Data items
....................
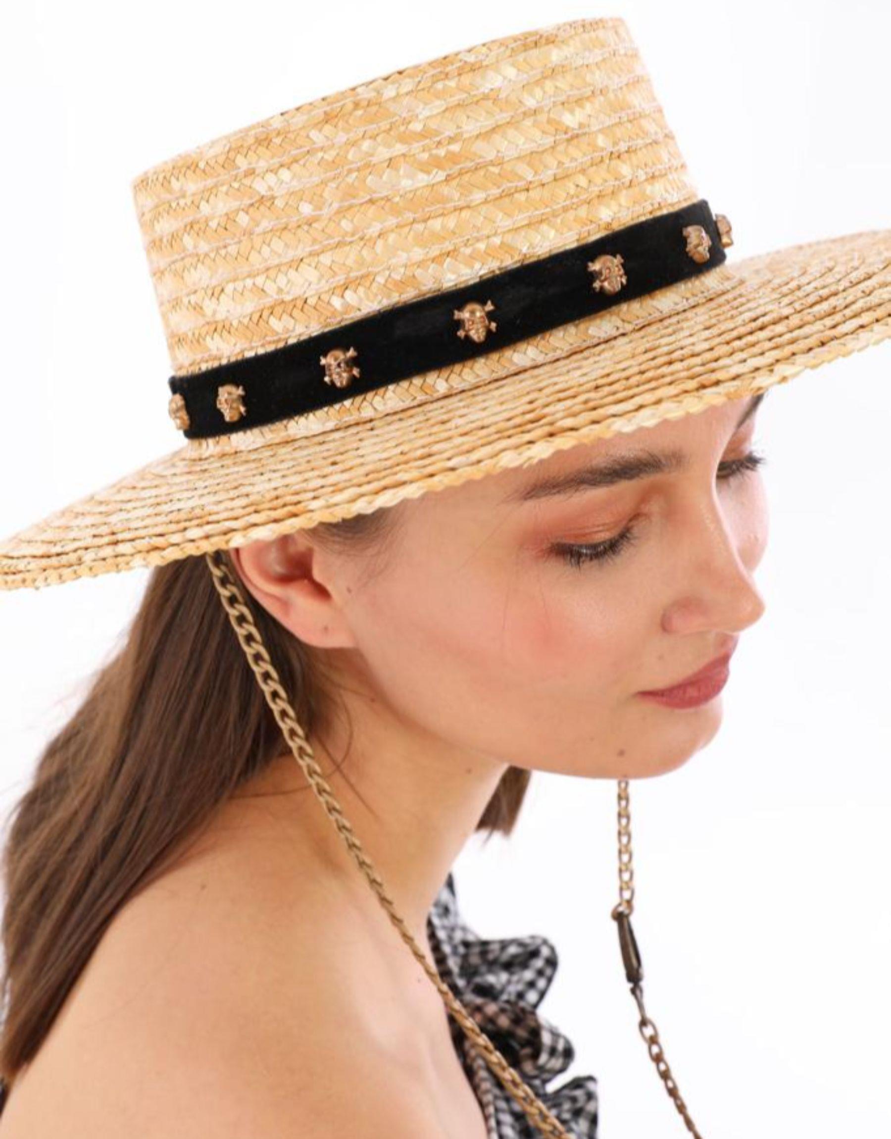 -Boyun altından gelen antik gold zincir ile hasır şapka.
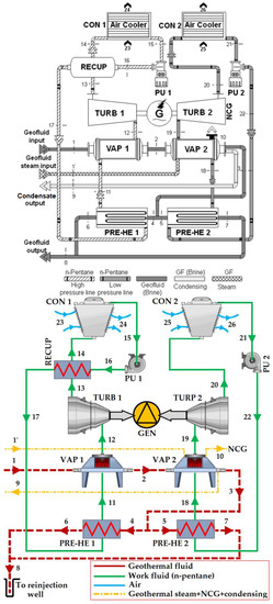 Yearly average data are indexed in Table 1 according to the line/state numbers stated in Figure 1. In the reference (dead) state condition, the temperature and pressure are assumed to be 18 °C and 1 atm, respectively. In the plant, the artesian geothermal fluid obtained from the production wells is separated into two phases as steam (saturated steam) and brine (saturated liquid) from the vertical separator at the wellhead (not shown in Figure 1). When Figure 1 and Table 1 are examined, the steam state at 165 °C temperature and 8.33 kg/s flow rate (line 1′) and the liquid state at 165 °C and 445 kg/s (line 1) are obtained for 1040 kPa high pressure from the separators. The liquid geothermal fluid is initially pressed into the VAP 1 in the high-pressure line, thereby heating n-pentane. The geothermal fluid, whose duty is completed, reaches the VAP 2 in the low-pressure line at 136 °C and 730 kPa (line 2), and n-pentane is again heated. In addition, steam geothermal fluid is supplied to VAP 2. After VAP 2 (line 3), to preheat n-pentane, the liquid geothermal fluid is sent to the preheaters (PRE-HEs 1 and 2) (lines 4 and 5). Some of the rotten steam is stored as NCG (line 10) and the rest is re-injected into the reinjection well by condensing at 85 °C and 590 kPa (line 9).
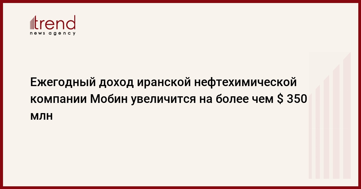 БАКУ /Trend/ - Годовой ( 21 марта 2019 - 21 марта 2020 ) доход иранской нефтехимической компании Мобин в особой энергетической экономической зоне Парс провинции Хузестан на юго-западе Ирана увеличится на 15 триллионов риалов (около 357 миллионов долларов).
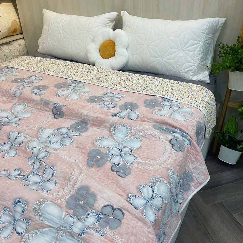 Chăn lẻ 100% cotton thoáng mát, ghép chần mềm mịn. Hàng xuất Hàn
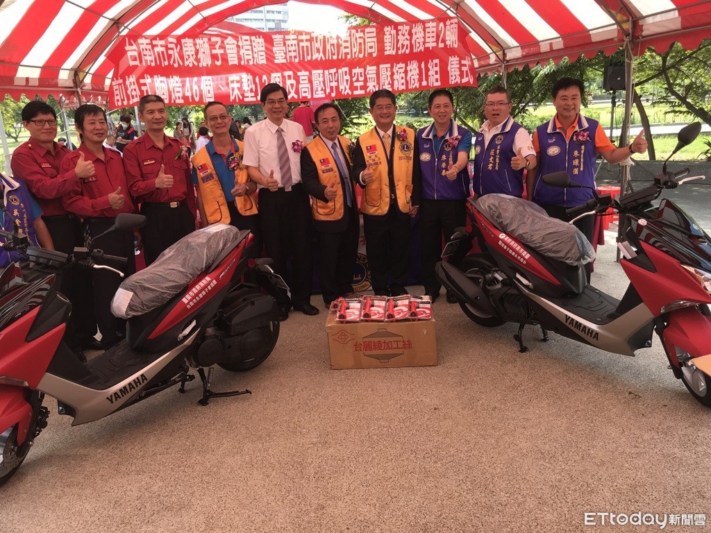 ▲台南市永康獅子會,捐贈台南市消防局勤務機車、救災裝備器材一批,4日上午10時,在永康區探索公園舉行捐贈儀式。(圖/消防局提供)
....................
● Exercise aim
Your task is to repeat the entries above exactly, omitting the pictures.

● Finished task
 -Boyun altından gelen antik gold zincir ile hasır şapka.
 Yearly average data are indexed in Table 1 according to the line/state numbers stated in Figure 1. In the reference (dead) state condition, the temperature and pressure are assumed to be 18 °C and 1 atm, respectively. In the plant, the artesian geothermal fluid obtained from the production wells is separated into two phases as steam (saturated steam) and brine (saturated liquid) from the vertical separator at the wellhead (not shown in Figure 1). When Figure 1 and Table 1 are examined, the steam state at 165 °C temperature and 8.33 kg/s flow rate (line 1′) and the liquid state at 165 °C and 445 kg/s (line 1) are obtained for 1040 kPa high pressure from the separators. The liquid geothermal fluid is initially pressed into the VAP 1 in the high-pressure line, thereby heating n-pentane. The geothermal fluid, whose duty is completed, reaches the VAP 2 in the low-pressure line at 136 °C and 730 kPa (line 2), and n-pentane is again heated. In addition, steam geothermal fluid is supplied to VAP 2. After VAP 2 (line 3), to preheat n-pentane, the liquid geothermal fluid is sent to the preheaters (PRE-HEs 1 and 2) (lines 4 and 5). Some of the rotten steam is stored as NCG (line 10) and the rest is re-injected into the reinjection well by condensing at 85 °C and 590 kPa (line 9).
 БАКУ /Trend/ - Годовой ( 21 марта 2019 - 21 марта 2020 ) доход иранской нефтехимической компании Мобин в особой энергетической экономической зоне Парс провинции Хузестан на юго-западе Ирана увеличится на 15 триллионов риалов (около 357 миллионов долларов).
 Chăn lẻ 100% cotton thoáng mát, ghép chần mềm mịn. Hàng xuất Hàn
 ▲台南市永康獅子會,捐贈台南市消防局勤務機車、救災裝備器材一批,4日上午10時,在永康區探索公園舉行捐贈儀式。(圖/消防局提供)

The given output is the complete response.